Research Topic 3: Using Nodejs crawler to get Medium articles

Recently, I watched a youtube video Intro To Web Scraping With Node.js & Cheerio about Node.js crawler.

In project 2, there is an article section required to display a set of article regarding programing language. We looked for the site Medium, but unfortunately, Medium doesn’t provide API for the article content. So I believe maybe we can use crawler to fetch article content and send to our project 2 front-end.

Step 1: Create node/express server

This application is running based on express server, so it is necessary to init it with express. And create the endpoint /articles used for getting post request.

const app = express();
app.post(‘/articles’,(req,res)=>{
//do something…
}

Step 2: Using Request package

use npm install request to install the Request package. Request is designed to be the simplest way possible to make http calls. It supports HTTPS and follows redirects by default. For example, if we want to search article about JavaScript in Medium. We can use the Request method.
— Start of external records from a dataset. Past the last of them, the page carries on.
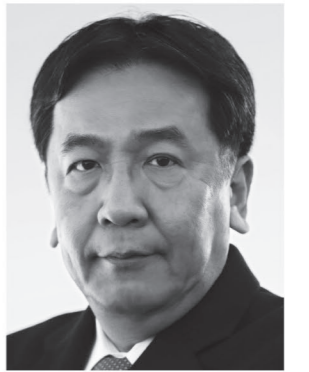
立憲民主党 代表 枝野幸男
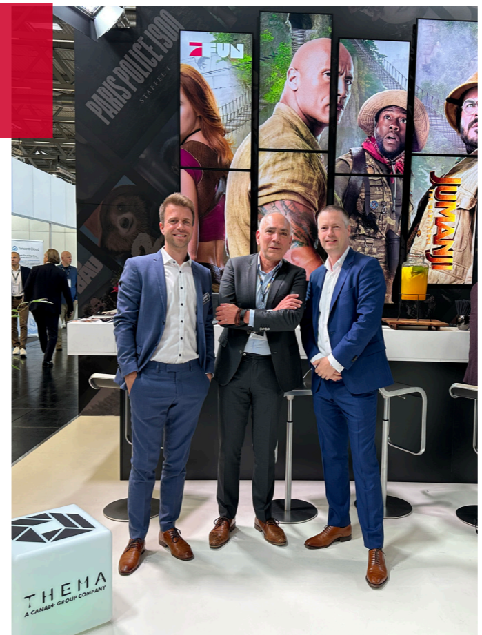
ANGACOM GERMANY 23-25 May 2023 / THEMA and M7 Group.
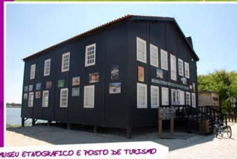
MUSEU ETNOGRÁFICO E POSTO DE TURISMO
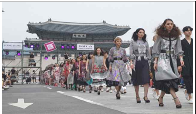
광화문 차없는거리 패션쇼 진행모습
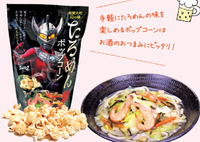
▲大町町のソウルフード「たろめん」
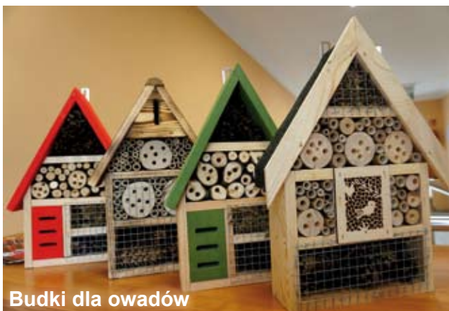
Budki dla owadów

- To bardzo ciekawa akcja. Idealnie wpisuje się w działania ekologiczne, które realizuje nasze przedszkole. Tak się składa, że sąsiadujemy z pasie-
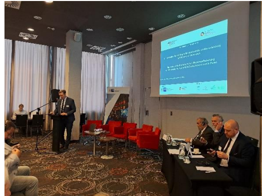
Präsentationsveranstaltung am 11.06.2024 / Eröffnung
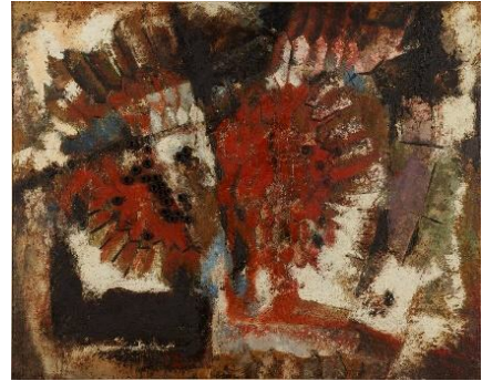
田部光子《魚族の怒り》1959年、福岡市美術館蔵
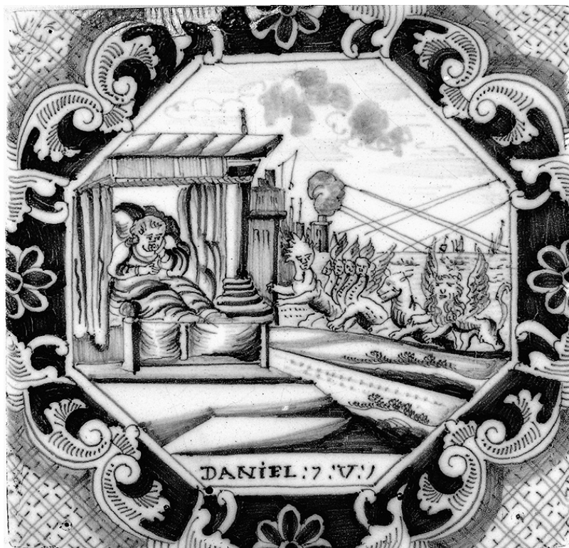
O287: Daniels Traumgesicht von den vier Tieren, Daniel 7, 2-3

Um nicht bei der grauen Theorie stehen zu bleiben, möchte ich meine Betrachtungen auf zwei exemplarische Szenarien anwenden, namentlich auf die Diagnose des sogenannten „Klimanotstandes“ durch die Klimaprotestbewegung „Extinction Rebellion“ (a) sowie auf den Mythos vom „Großen Austausch“, wie er in der „Neuen Rechten“ gepflegt wird (b). Ich wähle diese Beispiele aus, da sich dar-
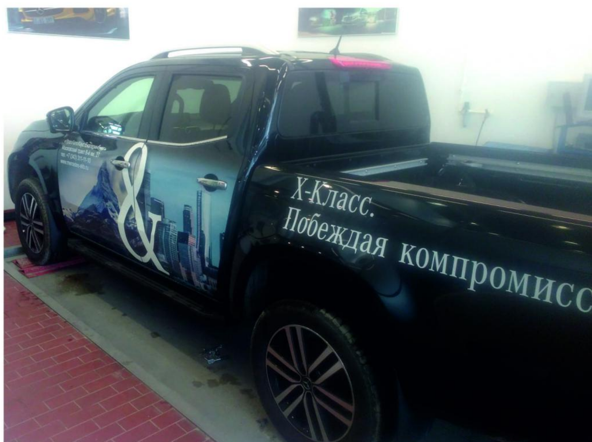
Общий вид автомобиля с порогом

Перед установкой изделия необходимо убедиться, что автомобиль, на который планируется установка, соответствует модельному ряду, указанному в настоящей инструкции. В случае затруднений с определением соответствия обращайтесь службу технической поддержки supp@rivalauto.com . В случае наезда на препятствие необходимо убедиться в отсутствии повреждений и агрегатов автомобиля и пригодности дальнейшей эксплуатации порогов. При правильной установке пороги не должны касаться узлов и агрегатов автомобиля. Производитель вправе вносить изменения в конструкцию порогов.
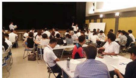
小中合同研修の様子

夏期休業中の教職員は学校単位でまたは、個人としても数多くの研修に参加します。小田中学校でも7月29日（土）に浜田小学校・大庄北中学校で開催されました兵庫県人権教育研究大会阪神地区大会へ参加し、「進路・学力保障」「仲間作り」「多文化共生」などの分科会で研究報告や協議を行いました。また、8月1日（火）には、小田中学校区の4小学校（杭瀬小、長洲小、浦風小、清和小）と合同で「カリキュラムや生活のきまり」について市教育委員会から指導主事を招き、小中連携の研修を行いました。
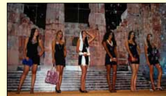
Di forte richiamo la sfilata di moda organizzata a Piazza Empedocle dall'Associazione artistica "Il Sipario" di Partanna.
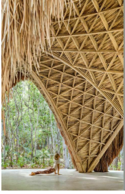
Palapa de yoga con diseño unico Yoga palapa with unique design
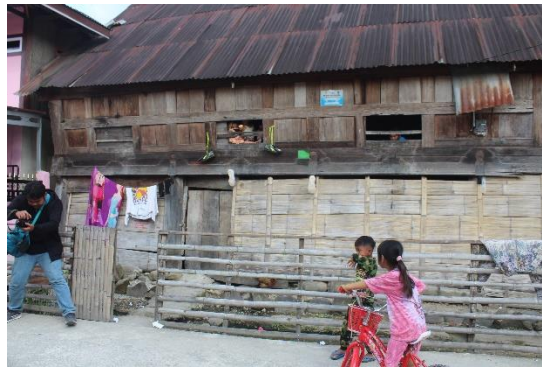
Foto 4 Umah Gdang Larik Panjang Pendung Hiang

Tema: Dinamika Humaniora dalam Lokalitas dan Identitas
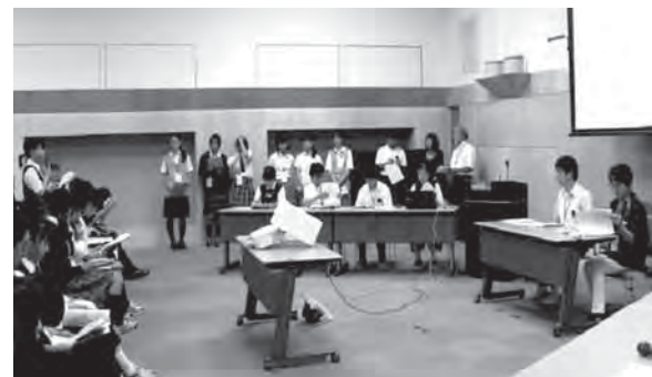
▲昨年の「中学生環境サミットの様子」
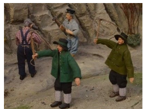
Zwei Aperschnalzer u. Steinbrucharbeiter im Hintergrund

Mühlviertler Kopftuchfrau: Als Kopftuchtracht in allen dunklen Farben erlaubt. Jackenkleid mit schwarzer Schürze, aufgesetzte
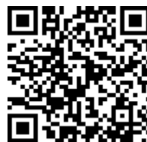
แบบแสดงเจตนาเข้ารับการสรรหา
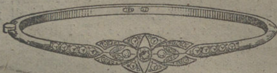
Núm. 5.—Tres brillantes y diamantes. Pesetas 300.
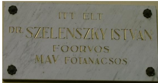
Emléktábla a lakóházán
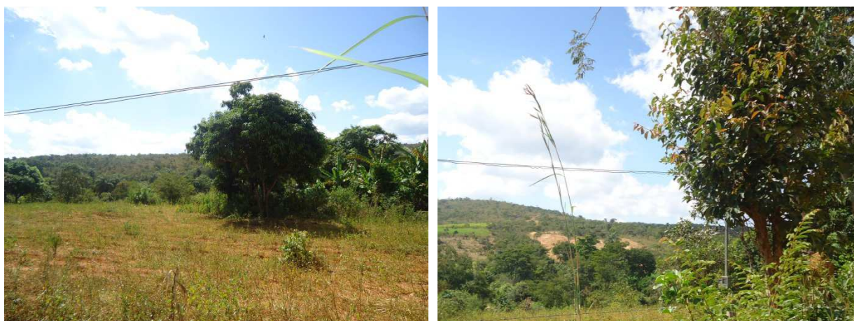
Fotos 35: Vegetação típica do cerrado na sub bacia do Córrego Cambaúbas
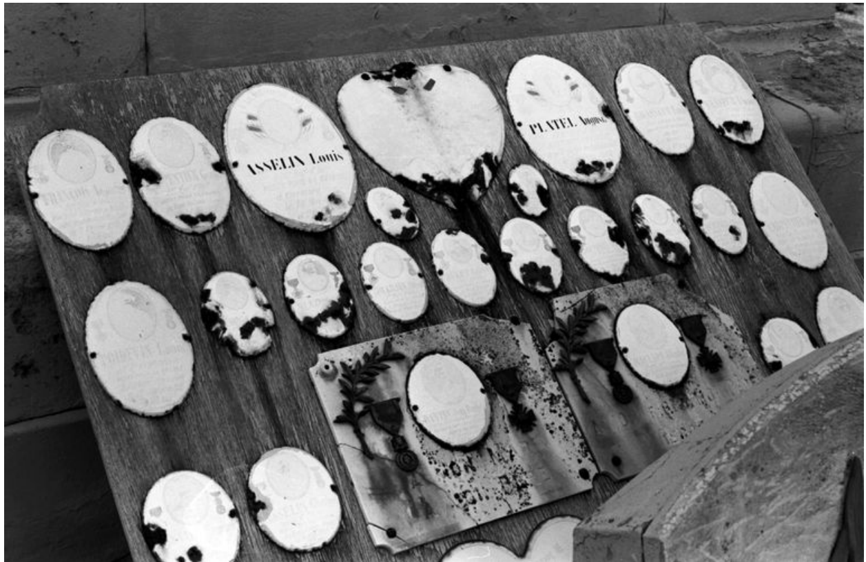
Plaque avec les médaillons des défunts.
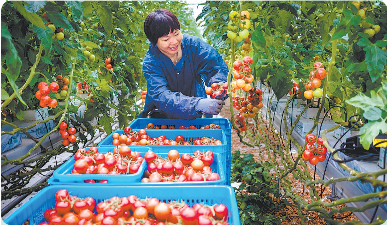
上海金山区现代农业产业园内上海金塘农业科技发展有限公司的番茄种植基地里,工作人员正在采摘小番茄。
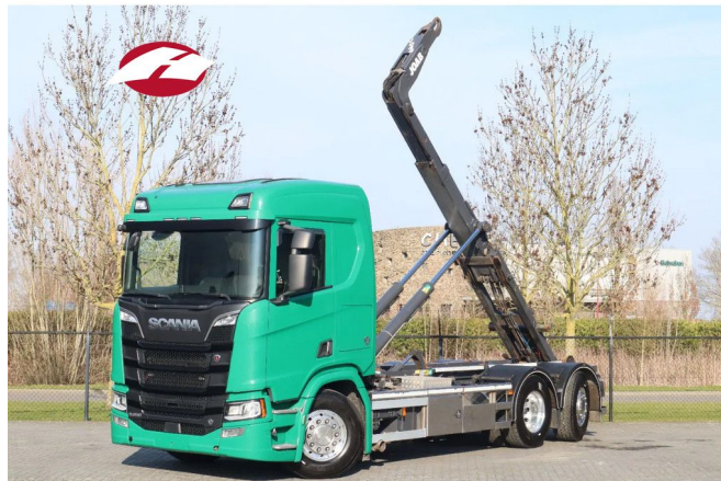
Scania R650 V8 NGS | 6X2*4 | JOAB HOOK | RETARDER | ...
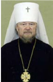
Лазарь, митрополит Симферопольский и Крымский (Швец Ростислав Филиппович)

Указом президента Украины №254/2009 от 21 апреля 2009 года митрополит Симферопольский и Крымский Лазарь (Швец Ростислав Филиппович) награжден орденом князя Ярослава Мудрого V степени.
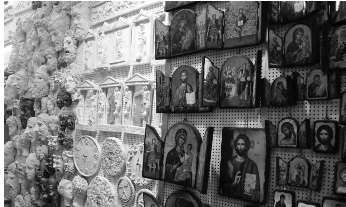
Сувеніри. Є, з чого обрати

Сувеніри? Як без них. Крім кулінарних, варто було взяти щось, як-то кажуть, і на довгу пам'ятку. Придбав кілька статуеток: для себе й для свого наукового вчителя з Інституту Корецького, професора В. Д. Бабкіна, придбав Сократа (саме образ цього філософа спав мені на думку, коли вперше
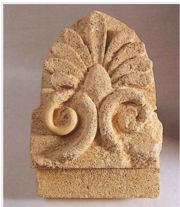
Empúries, MAC-E 2621 MAC-EMPÚRIES
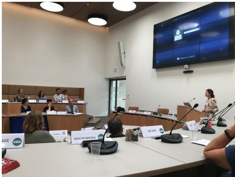
DIV-bijeenkomst in de raadszaal van Gooise Meren

Samen met het Streekarchief te Hilversum, Archief Eemland, het Regionaal Historisch Centrum Vecht en Venen en het Regionaal Historisch Centrum Zuidoost Utrecht werd in juli 2019 een kennismiddag voor DIV-medewerkers georganiseerd. Deze 6e kennismiddag van dit samenwerkingsverband thematiseerde diverse ontwikkelingen die het informatiebeheer beïnvloeden, zoals de invoering van het Digitaal Stelsel Omgevingswet en audits op basis van het Kwaliteitssysteem Informatiebeheer Decentrale Overheden. Normaal gesproken is Amersfoort de plaats van samenkomst, ditmaal werd de bijeenkomst belegd in de raadszaal van Gooise Meren.
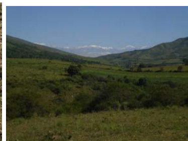
Vista del paisaje en general donde se asienta el sitio
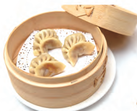
04. RAVIOLI DI CARNE verdure e carne
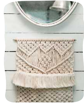
SEINÄ- TASKU 84
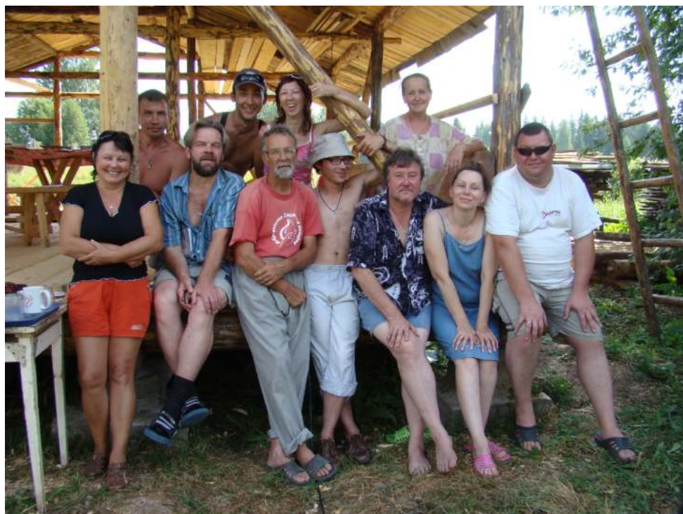
Творческая компания в Шатках
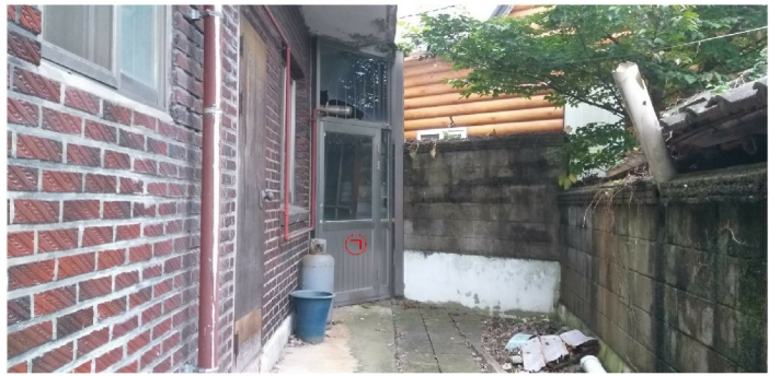
( 1 )
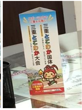
店舗等への 卓上POPの設置
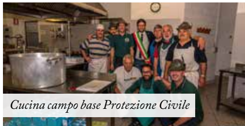
Cucina campo base Protezione Civile
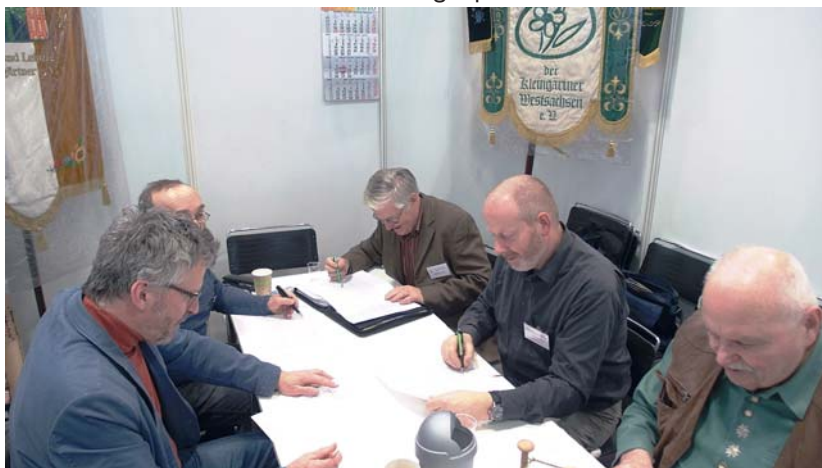
Die Redaktionsrunde des „Leipziger Gartenfreundes“ bei ihrer Beratung auf dem Messestand der Leipziger Kleingärtnerverbände.
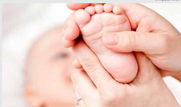
Doença rara e hereditária atinge cerca de um em cada 10 mil bebês

O médico explica, ainda, que o tratamento é relativamente simples, baseado em uma dieta apontada por
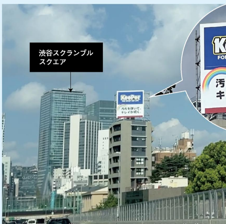
渋谷スクランブルスクエア
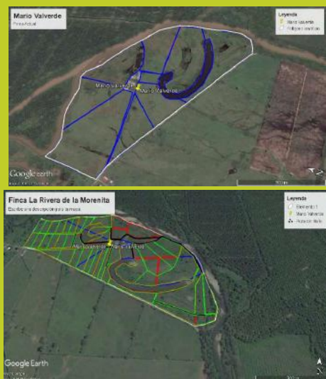
Figura 2. Croquis de distribución inicial de potreros y de apartos luego de la intervención.

pastura y bosque (Figura 1). Donde se observó que las pasturas cuando son bien manejadas incrementan la cantidad de carbono orgánico y no producen compactación del suelo. Aunque en este caso es necesario mejorar los contenidos de nitrógeno de los suelos bajo pasturas para alcanzar los niveles del bosque en los primeros 40 cm de profundidad.
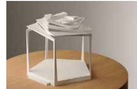
Remshalden Schulz und Schulz, Leipzig
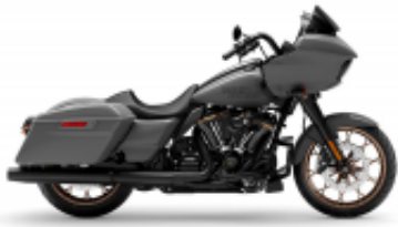
Street Touring Road Glide + $0.00
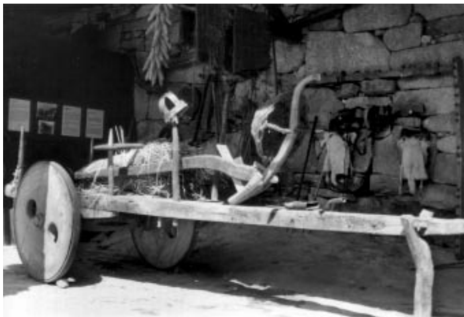
O carro, emblema da casa de labranza, orgullo do labrego.

Na casa con sobrado, o dormitorio está por riba da corte para aproveitar o calor corporal desprendido polos animais que ocupan a planta baixa. No cuarto, o mobiliário é escaso: leito, berce, mesa de noite, arca para a roupa e recipiente para o aseo.
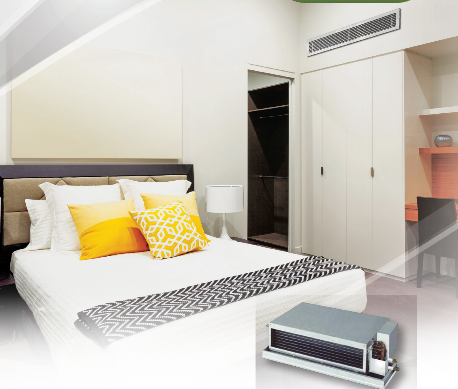
Air Conditioning system Cooling only (50Hz)
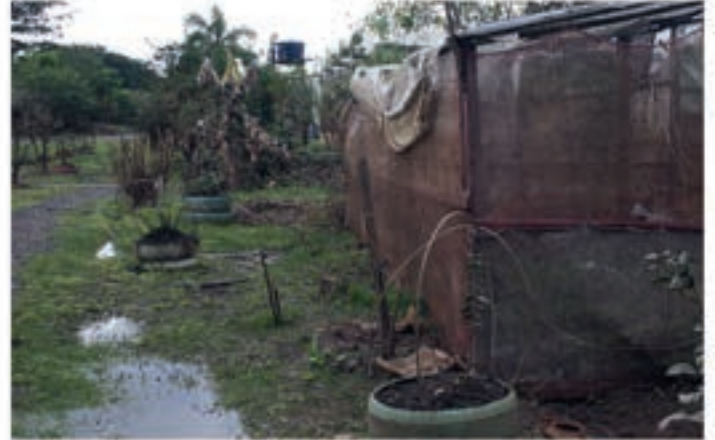
Alt så brunt og dødt ut der flommen hadde herjet. Det kommer til å ta lang tid å gjenoppbygge områdene.
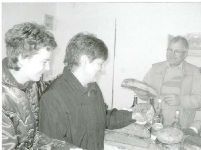
Kupci s s ponujenimi dobrotami doma pridelane hrane zelo zadovoljni.

dajalko in prodajalca iz okolice Ptuja. Oba trdita, da sta s prodajo zelenjave in drugih kmečkih pridelkov v Slovenj Gradcu zelo zadovoljna, zato se sprajujemo, zakaj se naši domači kmetje bolj ne poslužujejo teh oblik direktne prodaje. Morda pa jih bo k temu le vzpodbudil vzgled domačije Brdnik iz sosednje dravogradske občine.
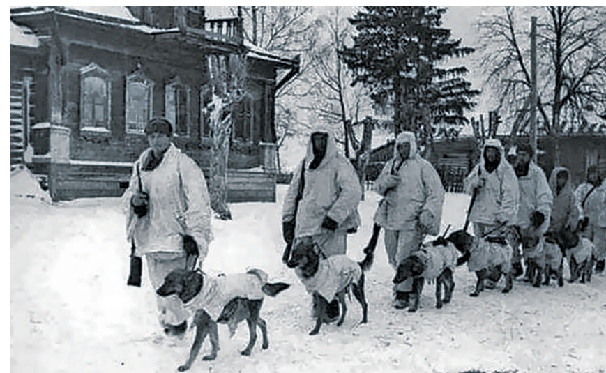
苏联士兵手牵反坦克犬。

1942年后，苏联的军工生产基本恢复，来自盟国的援助也陆续抵达，先前极端缺乏反坦克武器的情况不复存在。反坦克犬不再有用武之地，开始从前线撤回，逐渐消失在人们的视野中。
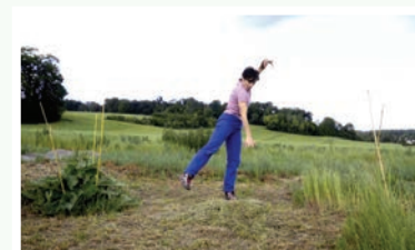
Duo des Herbes Folles

Duo de danse et voix, au sein de l'installation "Le Jardin dans les Champs" réalisée avec les participants de Us.

request(‘https://medium.com/tag/javascript’, (error, response, html) => {
     //do something…
     }

Step 3: Using Cheerio

Cheerio is a library  that allow developer using jQuery syntax select HTML element in the backend server. Once we fetch the article search result page from Medium. Cheerio give us ability to parse the result html page and get the information that we need. After we get the html page from the request method, we use Cheerio to parse it.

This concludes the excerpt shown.